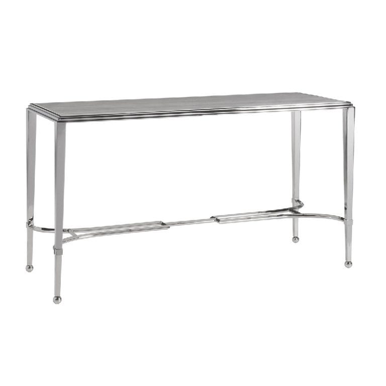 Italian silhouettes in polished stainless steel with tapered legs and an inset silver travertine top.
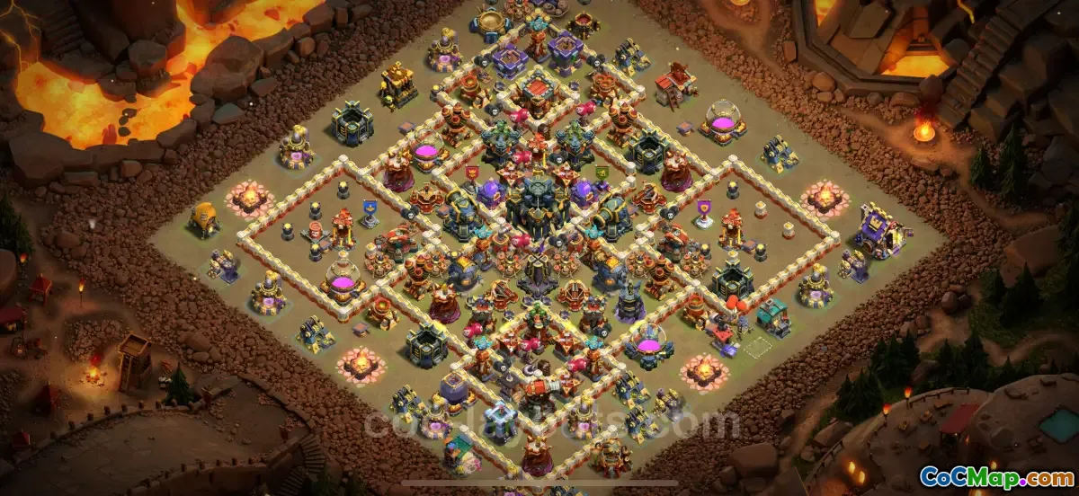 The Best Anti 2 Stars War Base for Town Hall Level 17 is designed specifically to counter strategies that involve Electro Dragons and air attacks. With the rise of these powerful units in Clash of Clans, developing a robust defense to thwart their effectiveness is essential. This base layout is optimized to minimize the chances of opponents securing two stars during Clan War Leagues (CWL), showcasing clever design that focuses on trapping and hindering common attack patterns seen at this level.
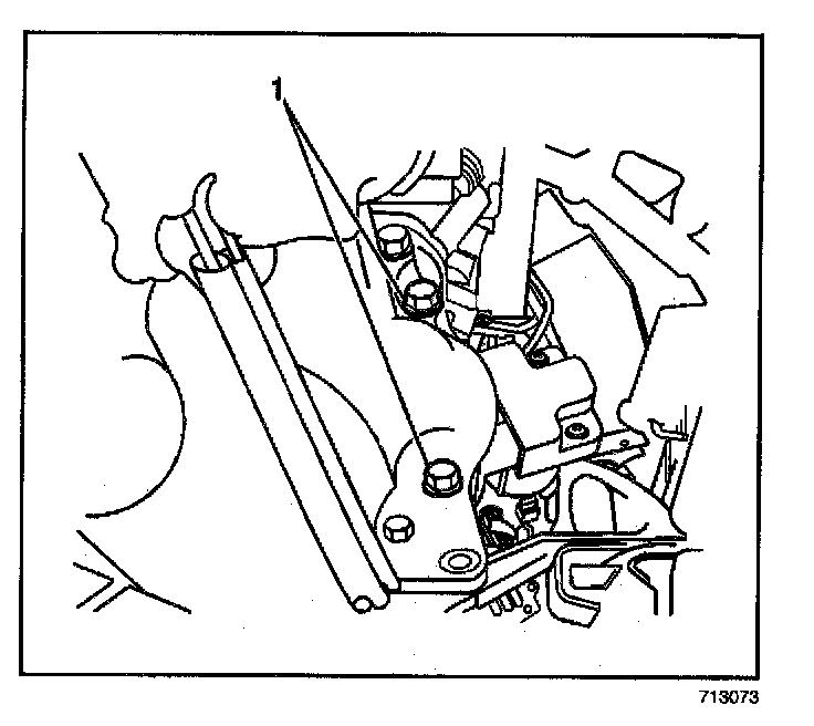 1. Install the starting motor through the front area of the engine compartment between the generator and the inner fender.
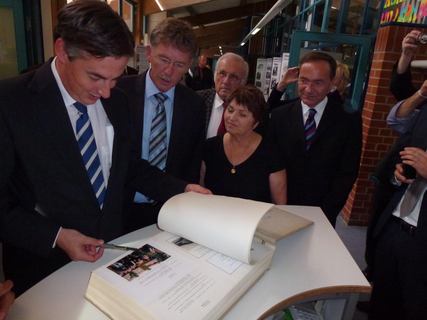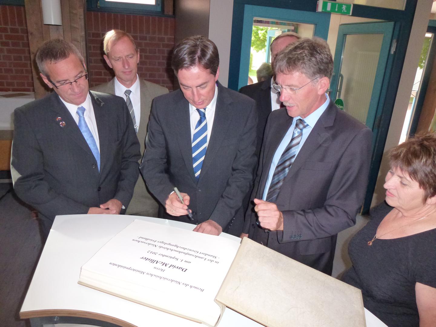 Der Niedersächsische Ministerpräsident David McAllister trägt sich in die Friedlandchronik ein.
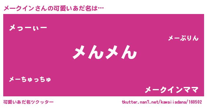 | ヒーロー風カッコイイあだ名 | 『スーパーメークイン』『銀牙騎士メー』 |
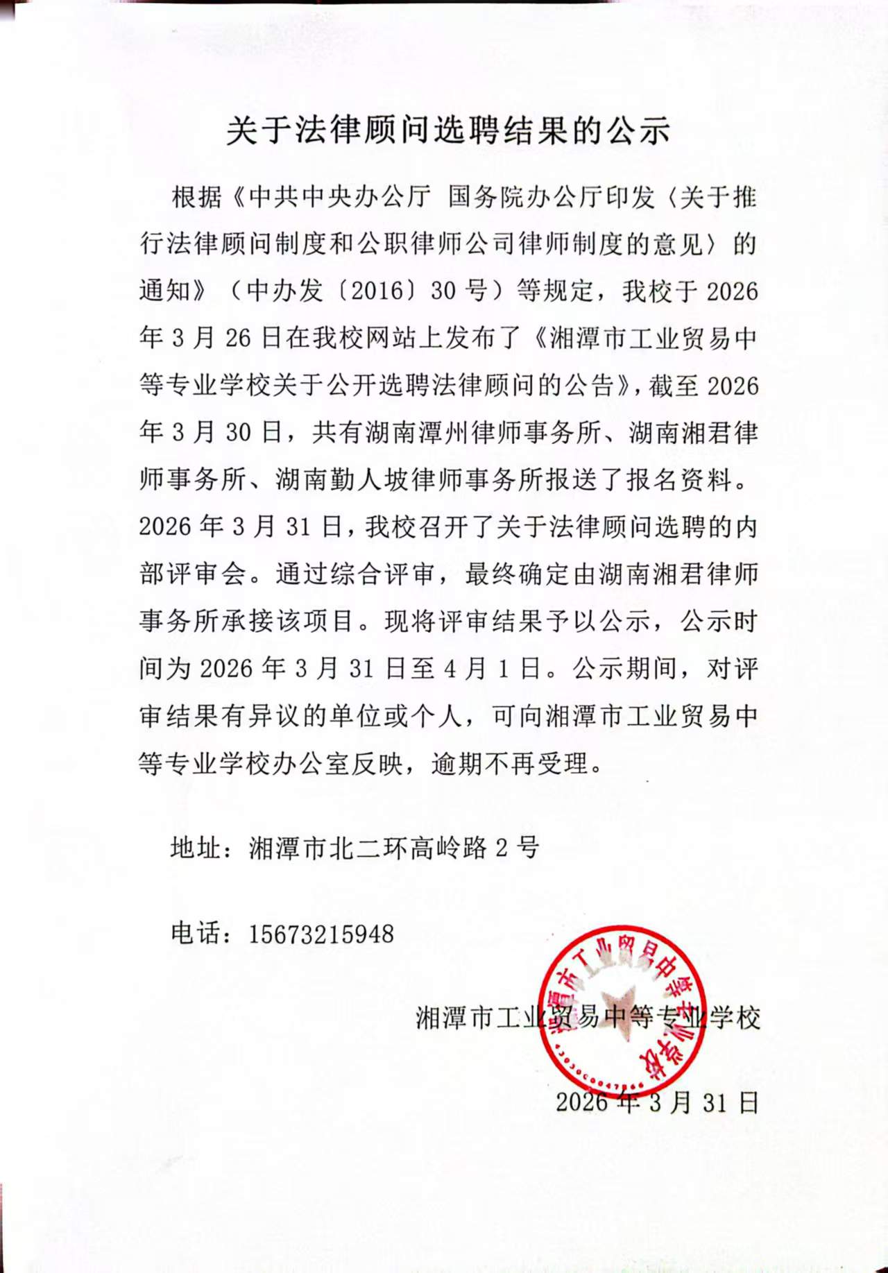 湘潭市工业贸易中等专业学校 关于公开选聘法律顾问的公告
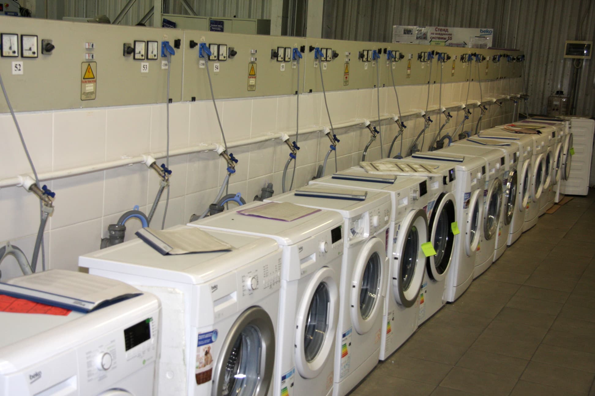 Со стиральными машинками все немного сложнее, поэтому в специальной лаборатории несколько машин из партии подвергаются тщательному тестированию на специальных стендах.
========================================================================
## [TASK DESCRIPTION]
What you return should be the exact lines from the one containing "ヒーロー風カッコイイあだ名 | 『スーパーメークイン』『銀牙騎士メー』 |" through the end of the listing above, both included, minus any pictures.

## [PROBLEM SOLUTION]
 | ヒーロー風カッコイイあだ名 | 『スーパーメークイン』『銀牙騎士メー』 |
 湘潭市工业贸易中等专业学校 关于公开选聘法律顾问的公告
 Со стиральными машинками все немного сложнее, поэтому в специальной лаборатории несколько машин из партии подвергаются тщательному тестированию на специальных стендах.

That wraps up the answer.